At this, Erica became so agitated she stood up and whispered, “What?”
“The latter.” Van Horn gave an address, which Sobell dutifully copied down.
“Give me an hour. I don’t think the ATM will accommodate this evening’s requirements.”
“Sure.” He hung up.
Erica exploded. “Where are you going? Who are you meeting? And what was that crap about an ATM?” Her mouth tightened into a small angry slash.
“You need to move quickly,” Sobell said. “Get eight hundred thousand from one of the caches and meet me back here in forty minutes.”
“Absolutely not.”
“Erica, if I have to get it myself, what do I need you for?”
“Is that a threat?”
He frowned. “A threat that I’ll have to terminate your employment if you can’t handle the most basic of tasks, yes.”
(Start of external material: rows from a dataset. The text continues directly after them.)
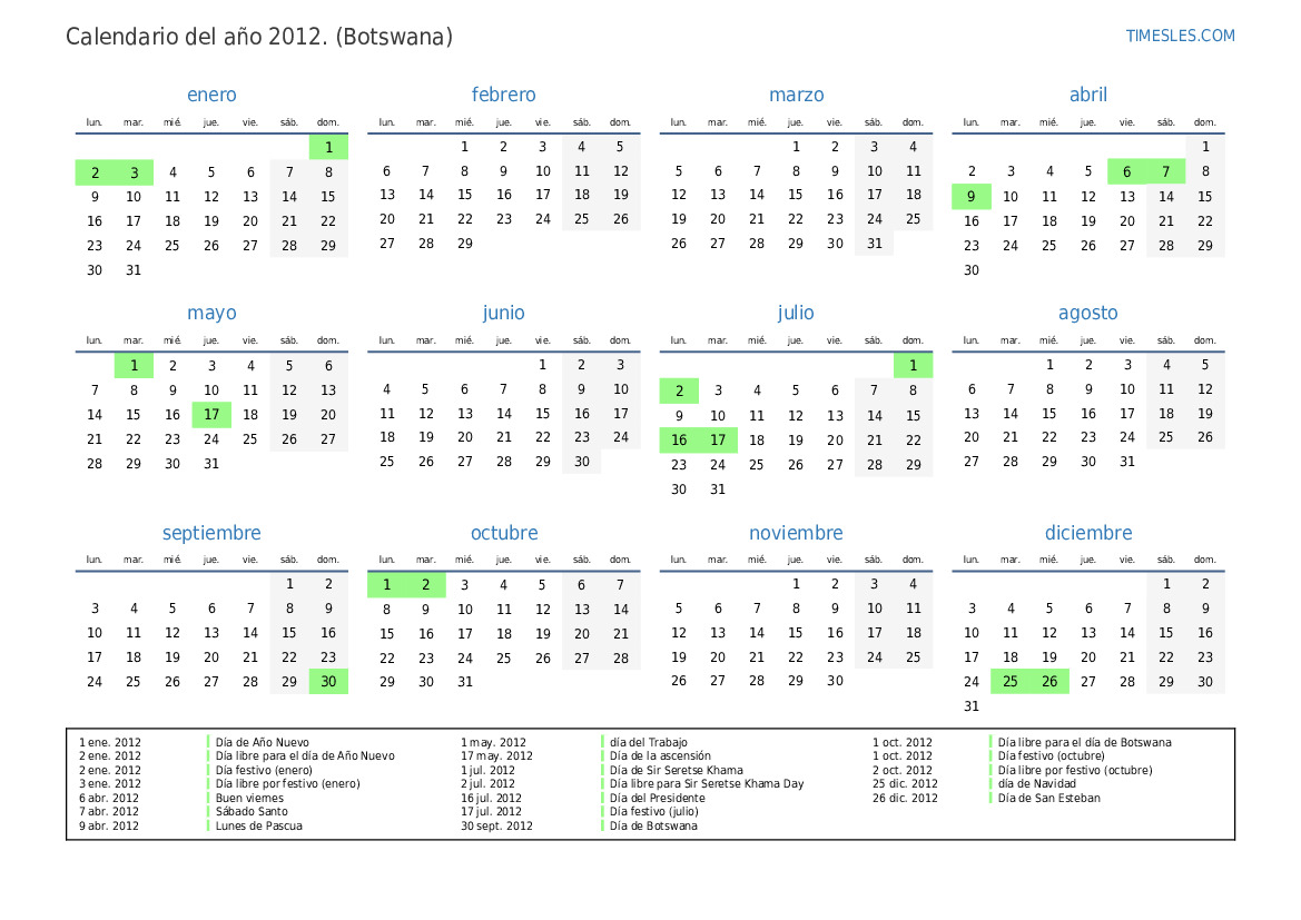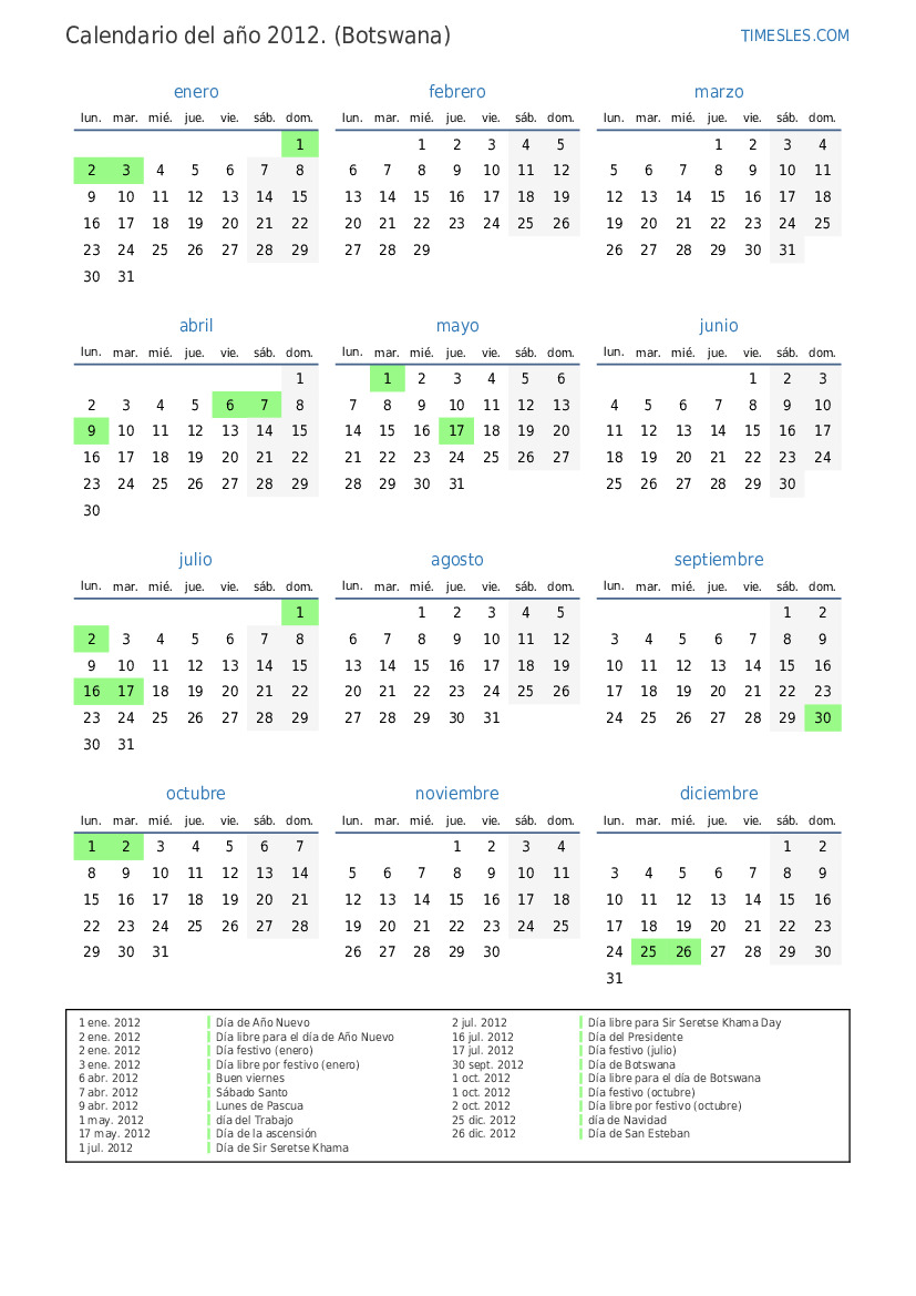 1 oct. 2012 Día libre para el día de Botswana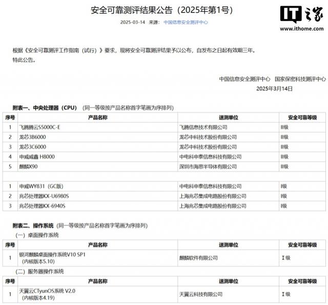 据 IT 据世家报道,今年中国信息安全评估中心 3 月 14 2025年安全可靠评估结果公告(2025) 年第 1 号码),其中海思麒麟 X90 Cpu安全可靠等级评估结果如下 II 级。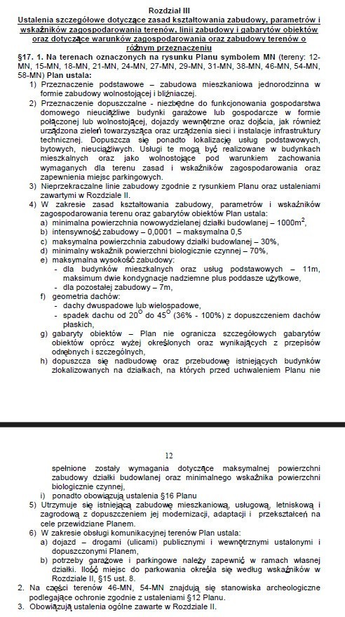- minimalna powierzchnia działki w MPZP: 1000 m²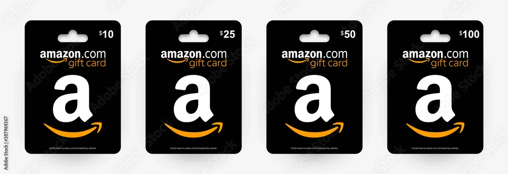 Gift card Amazon 10$, 25$, 50$, 100$. Black Amazon gift card with shadow isolated on light background. Vector illustration EPS10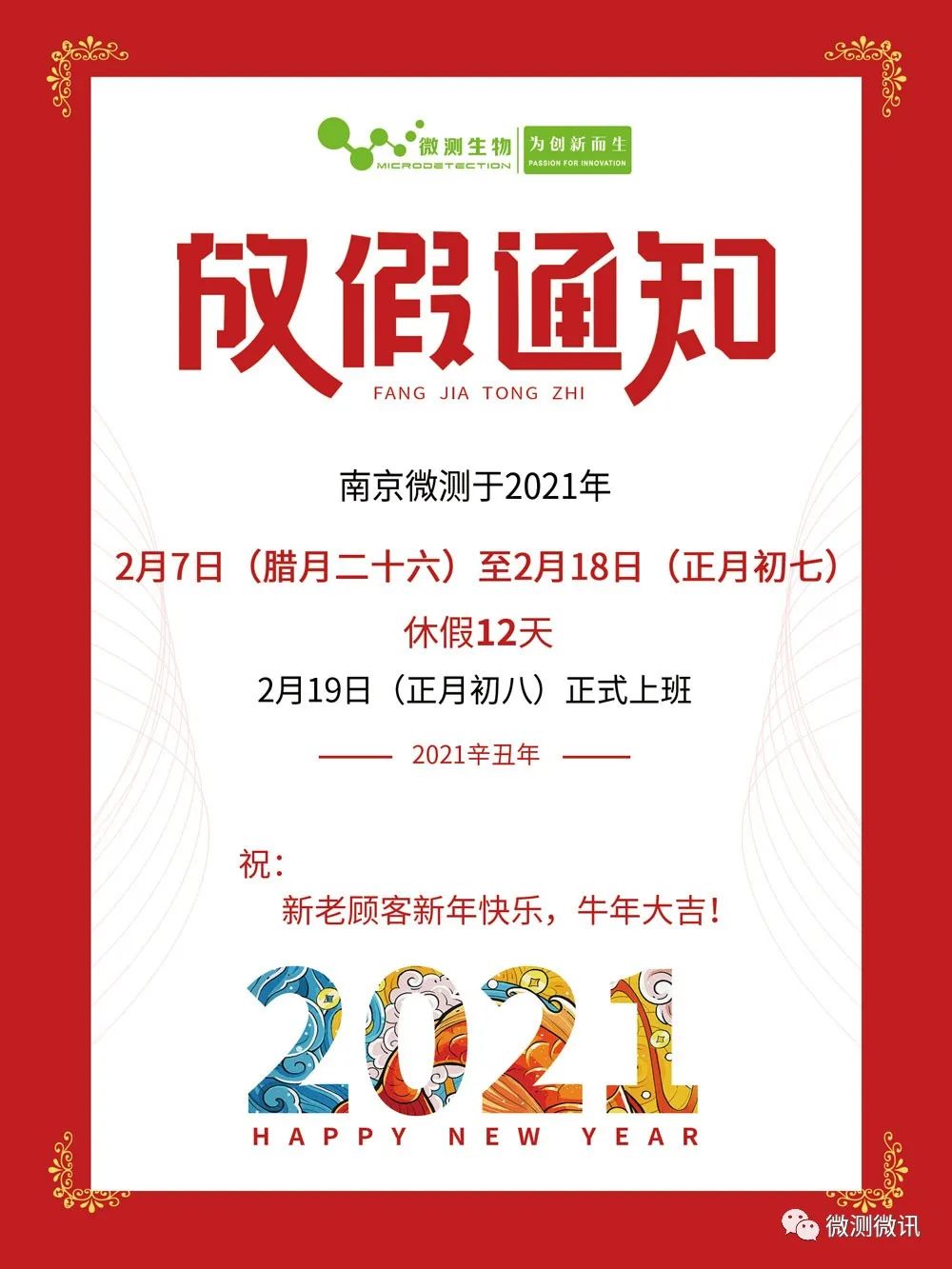 南京微測丨2021年春節(jié)放假通知!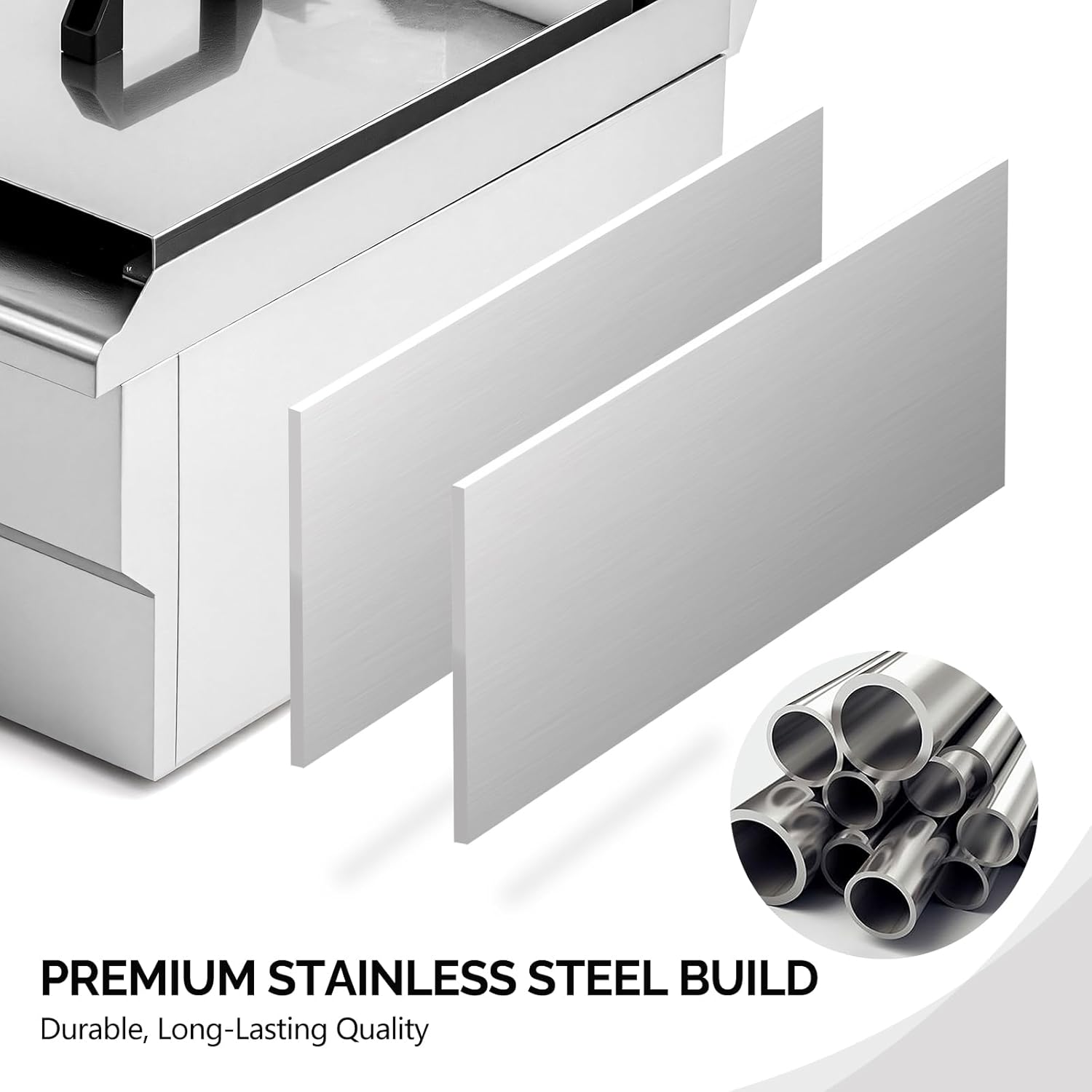 - 【24.9QT Large Capacity】The maximum capacity of each tank is about 12.5QT. Total maximum capacity 24.9QT. Recommended total oil capacity up to 15QT/14.16L (7.5QT for each tank). Single Basket Capacity: 6.55QT. What’s more, each side has a power plug, which allows to operate each side separately and fry different kinds of food at the same time. MAX power: 3400W (1700W for each plug). (NOTE: There are white protective tapes on surface. Please peel off them before use.)

“Fifteen years, you’ve followed my counsel and stayed out of prison. I don’t like this, Enoch. You’re becoming . . .” She paused, her mouth turned down in disgust. “. . . erratic.”
“I prefer to think of myself as whimsical. Now, I don’t have time to faff about with this, particularly if you’re not going to help. Are you going to get the money, or do I need to handle this myself?”
“I’ll go. What are you going to be doing?”